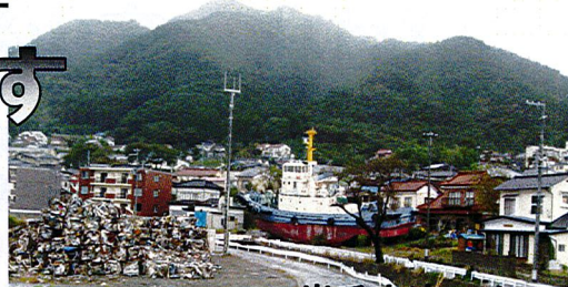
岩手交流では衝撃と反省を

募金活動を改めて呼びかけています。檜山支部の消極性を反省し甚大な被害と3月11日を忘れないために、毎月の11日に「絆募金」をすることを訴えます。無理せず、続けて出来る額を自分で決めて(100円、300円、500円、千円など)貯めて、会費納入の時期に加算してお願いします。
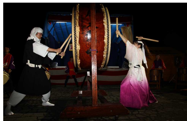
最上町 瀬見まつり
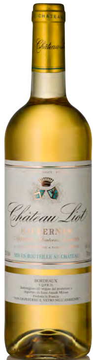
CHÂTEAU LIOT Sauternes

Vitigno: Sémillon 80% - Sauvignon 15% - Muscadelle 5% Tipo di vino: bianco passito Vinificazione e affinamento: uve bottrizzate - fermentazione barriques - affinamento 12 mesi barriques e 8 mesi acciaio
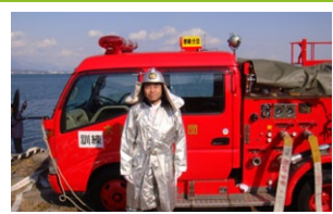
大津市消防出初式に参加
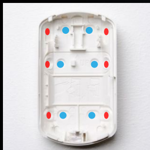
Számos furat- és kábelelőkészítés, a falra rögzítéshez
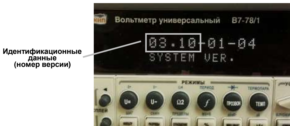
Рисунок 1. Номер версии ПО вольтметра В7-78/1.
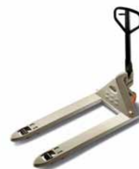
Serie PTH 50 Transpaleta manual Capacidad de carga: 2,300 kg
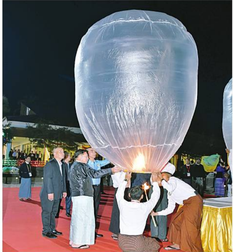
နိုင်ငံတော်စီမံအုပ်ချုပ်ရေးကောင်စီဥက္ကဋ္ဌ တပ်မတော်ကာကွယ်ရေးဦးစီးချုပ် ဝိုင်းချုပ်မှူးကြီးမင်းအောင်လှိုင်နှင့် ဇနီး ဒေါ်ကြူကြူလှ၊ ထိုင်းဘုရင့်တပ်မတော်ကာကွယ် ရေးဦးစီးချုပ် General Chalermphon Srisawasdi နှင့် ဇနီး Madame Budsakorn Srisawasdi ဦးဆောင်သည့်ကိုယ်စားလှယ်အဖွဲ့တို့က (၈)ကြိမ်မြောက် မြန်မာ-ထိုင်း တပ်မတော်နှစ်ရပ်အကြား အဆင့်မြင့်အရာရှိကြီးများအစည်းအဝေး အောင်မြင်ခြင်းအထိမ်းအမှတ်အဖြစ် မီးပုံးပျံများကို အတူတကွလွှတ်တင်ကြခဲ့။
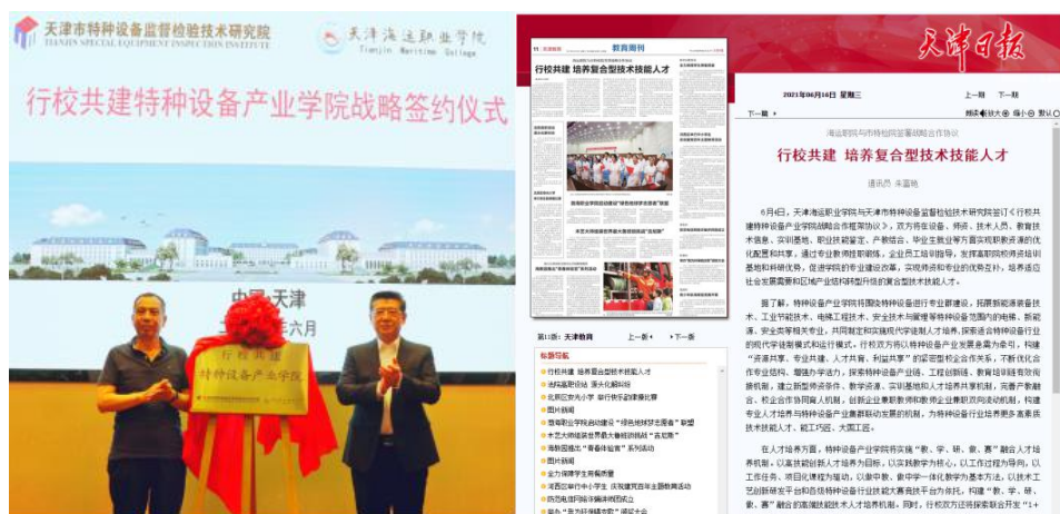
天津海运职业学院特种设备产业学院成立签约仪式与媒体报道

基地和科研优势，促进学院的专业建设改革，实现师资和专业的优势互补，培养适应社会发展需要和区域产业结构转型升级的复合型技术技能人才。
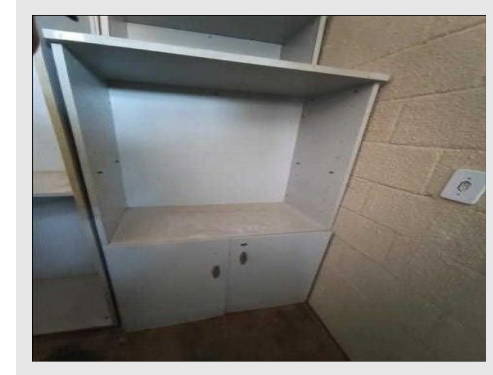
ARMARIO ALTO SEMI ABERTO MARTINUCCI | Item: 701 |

═══

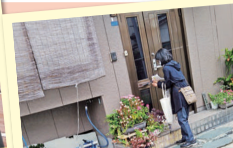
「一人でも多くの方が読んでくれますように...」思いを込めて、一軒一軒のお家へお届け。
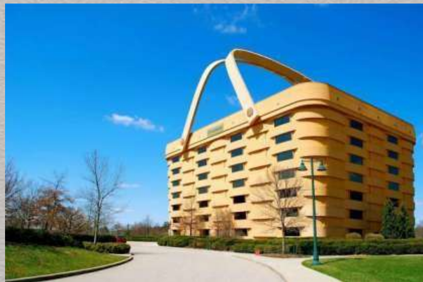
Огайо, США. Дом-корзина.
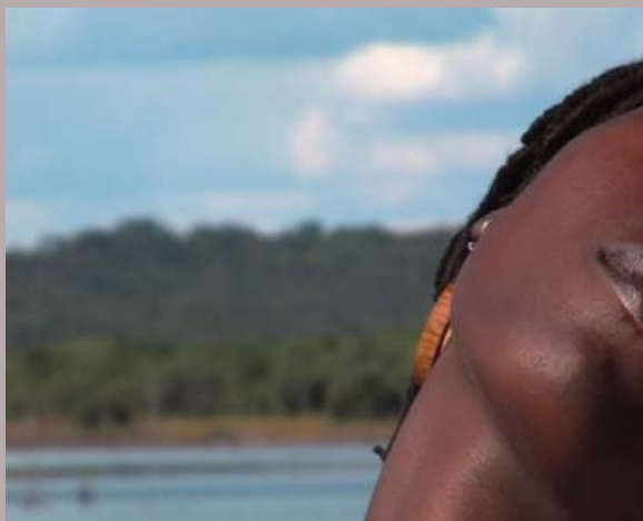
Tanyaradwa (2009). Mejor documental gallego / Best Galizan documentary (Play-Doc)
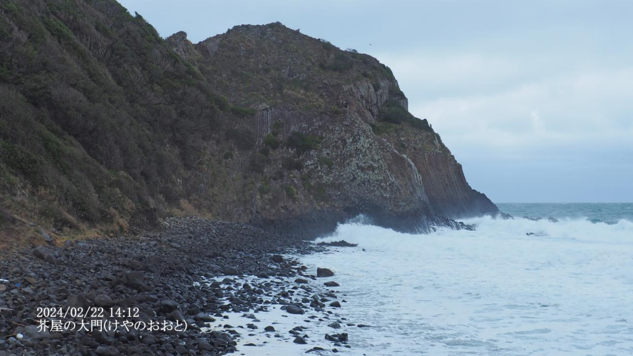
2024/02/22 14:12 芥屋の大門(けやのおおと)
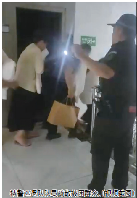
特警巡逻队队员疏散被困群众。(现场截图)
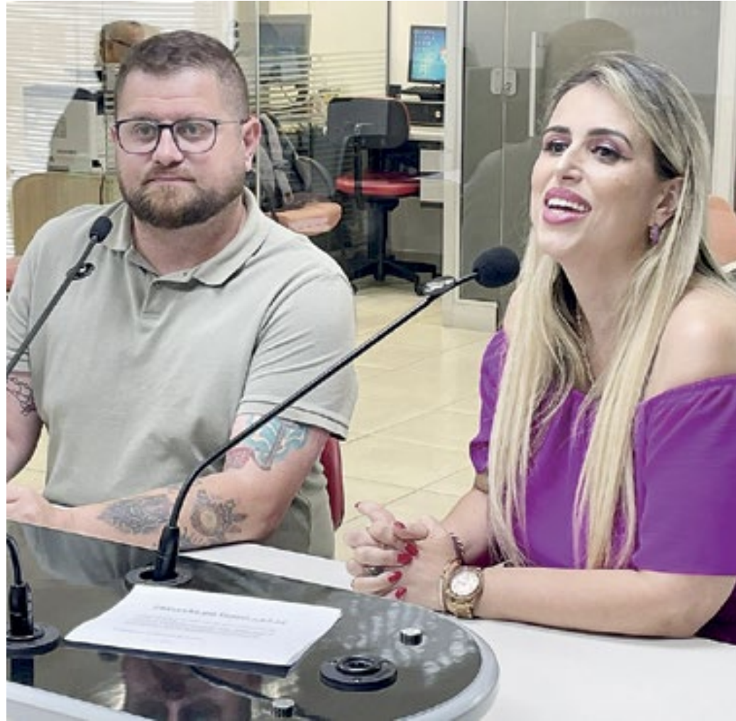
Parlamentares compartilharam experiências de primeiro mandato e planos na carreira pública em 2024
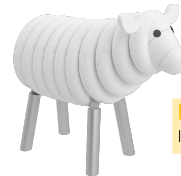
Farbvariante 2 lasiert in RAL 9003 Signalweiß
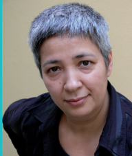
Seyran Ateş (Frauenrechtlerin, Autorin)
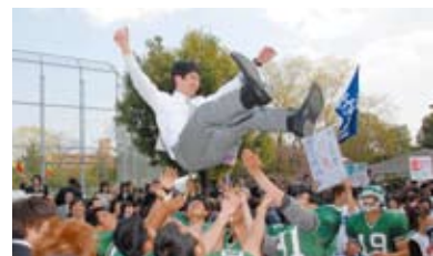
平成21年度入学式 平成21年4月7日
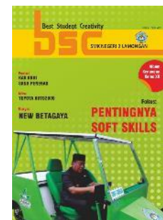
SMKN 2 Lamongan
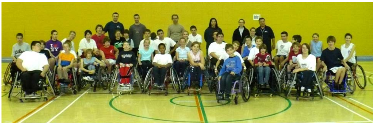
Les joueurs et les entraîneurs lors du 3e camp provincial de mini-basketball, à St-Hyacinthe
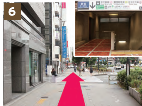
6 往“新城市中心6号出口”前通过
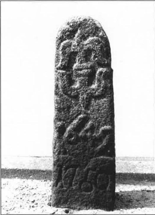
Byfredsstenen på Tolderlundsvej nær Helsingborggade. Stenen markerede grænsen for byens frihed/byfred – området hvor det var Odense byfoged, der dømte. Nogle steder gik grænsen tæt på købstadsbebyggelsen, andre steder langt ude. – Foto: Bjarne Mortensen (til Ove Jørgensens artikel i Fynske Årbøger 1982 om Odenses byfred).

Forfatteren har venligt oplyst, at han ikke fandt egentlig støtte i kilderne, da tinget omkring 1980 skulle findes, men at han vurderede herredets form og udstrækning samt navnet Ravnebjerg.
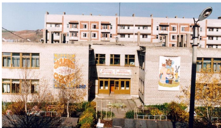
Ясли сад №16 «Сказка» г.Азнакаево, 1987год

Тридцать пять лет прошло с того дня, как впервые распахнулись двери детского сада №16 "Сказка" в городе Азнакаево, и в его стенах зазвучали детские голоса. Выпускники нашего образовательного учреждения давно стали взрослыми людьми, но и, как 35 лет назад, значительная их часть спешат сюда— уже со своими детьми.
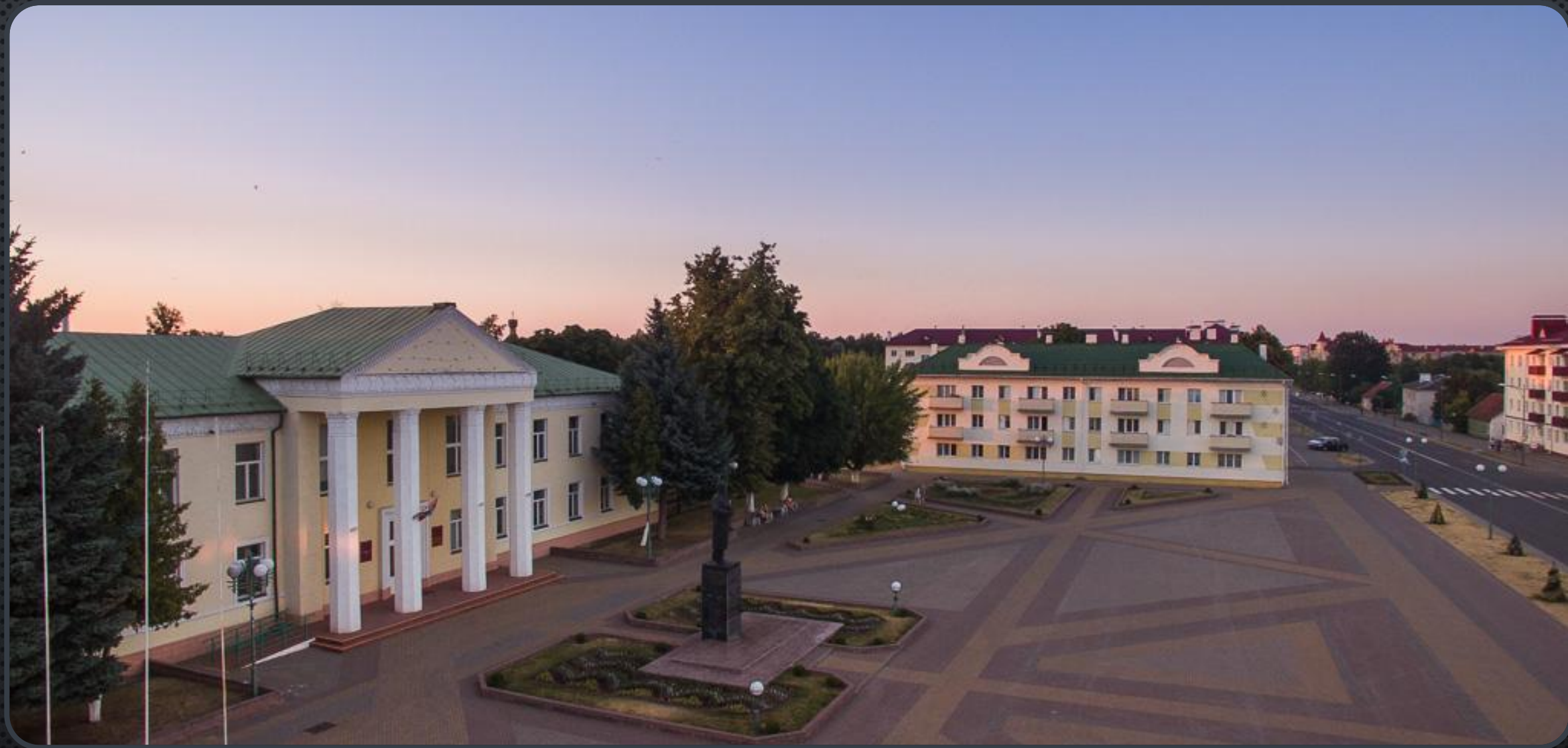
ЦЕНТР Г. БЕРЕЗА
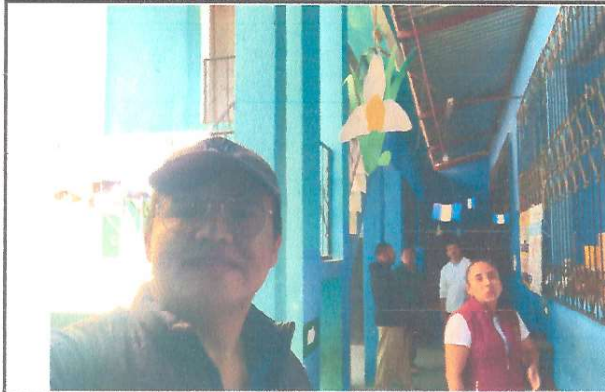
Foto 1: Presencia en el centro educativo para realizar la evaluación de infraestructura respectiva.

═══

▸ **EXERCISE DETAILS**
Return each line of the material above that holds the string "Foto".

▸ **ANSWER BOX**
Byfredsstenen på Tolderlundsvej nær Helsingborggade. Stenen markerede grænsen for byens frihed/byfred – området hvor det var Odense byfoged, der dømte. Nogle steder gik grænsen tæt på købstadsbebyggelsen, andre steder langt ude. – Foto: Bjarne Mortensen (til Ove Jørgensens artikel i Fynske Årbøger 1982 om Odenses byfred).
Foto 1: Presencia en el centro educativo para realizar la evaluación de infraestructura respectiva.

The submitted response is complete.